▶ [Work instruction]
Each line below from the "Authorized cannondale dealer" line through the "Warm spring weather" line, those two included, must be restated word for word; the pictures must not be.
##### Stored data #####
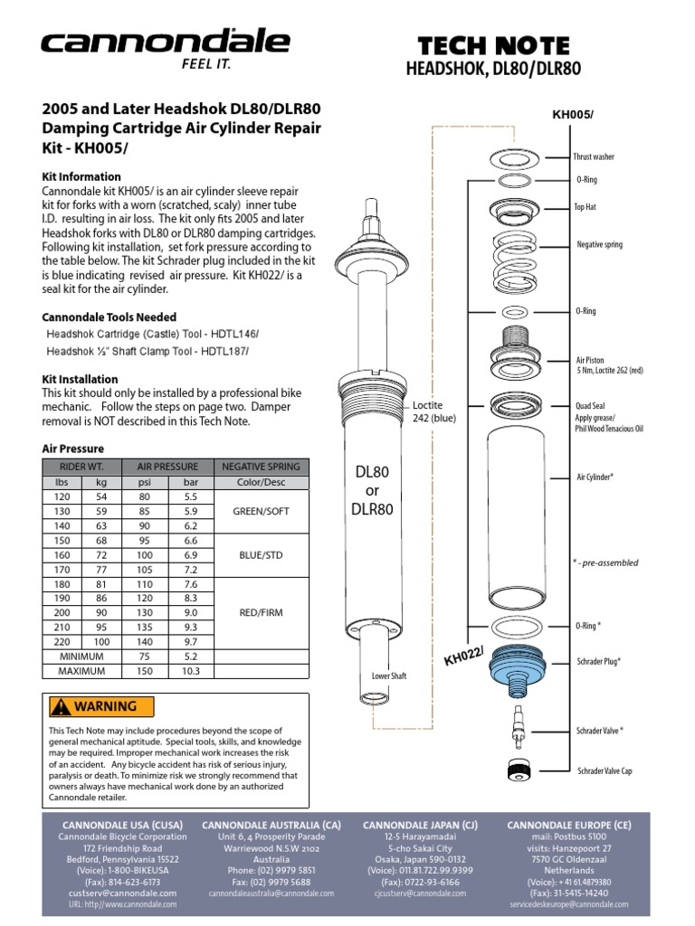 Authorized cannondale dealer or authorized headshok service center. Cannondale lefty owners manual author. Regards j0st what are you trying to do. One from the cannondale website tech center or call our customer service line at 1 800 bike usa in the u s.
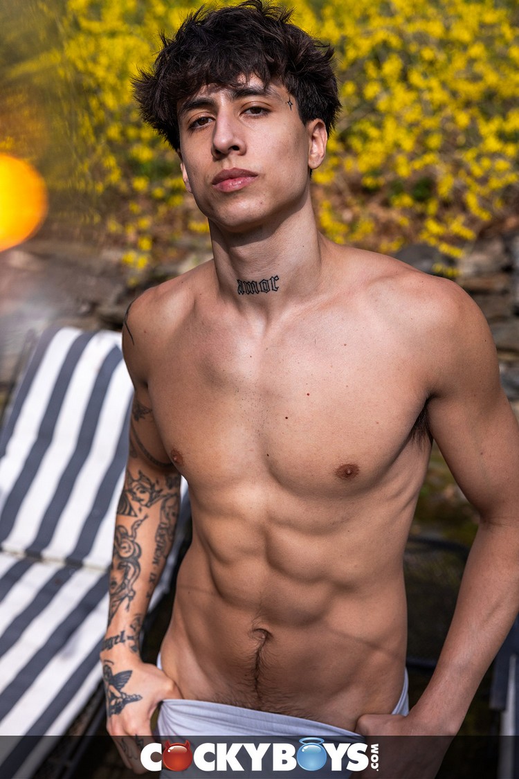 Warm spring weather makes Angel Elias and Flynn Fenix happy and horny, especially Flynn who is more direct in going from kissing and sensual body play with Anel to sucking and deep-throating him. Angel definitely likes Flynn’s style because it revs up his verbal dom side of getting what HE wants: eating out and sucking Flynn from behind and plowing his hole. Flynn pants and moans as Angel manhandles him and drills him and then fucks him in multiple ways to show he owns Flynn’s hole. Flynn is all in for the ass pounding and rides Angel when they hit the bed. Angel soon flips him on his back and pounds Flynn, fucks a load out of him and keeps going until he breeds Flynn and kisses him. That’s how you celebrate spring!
#####
##### Stored data #####
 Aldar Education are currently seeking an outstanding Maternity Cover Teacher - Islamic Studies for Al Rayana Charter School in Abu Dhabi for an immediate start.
#####
▶ [Exercise answer]
 Authorized cannondale dealer or authorized headshok service center. Cannondale lefty owners manual author. Regards j0st what are you trying to do. One from the cannondale website tech center or call our customer service line at 1 800 bike usa in the u s.
 Warm spring weather makes Angel Elias and Flynn Fenix happy and horny, especially Flynn who is more direct in going from kissing and sensual body play with Anel to sucking and deep-throating him. Angel definitely likes Flynn’s style because it revs up his verbal dom side of getting what HE wants: eating out and sucking Flynn from behind and plowing his hole. Flynn pants and moans as Angel manhandles him and drills him and then fucks him in multiple ways to show he owns Flynn’s hole. Flynn is all in for the ass pounding and rides Angel when they hit the bed. Angel soon flips him on his back and pounds Flynn, fucks a load out of him and keeps going until he breeds Flynn and kisses him. That’s how you celebrate spring!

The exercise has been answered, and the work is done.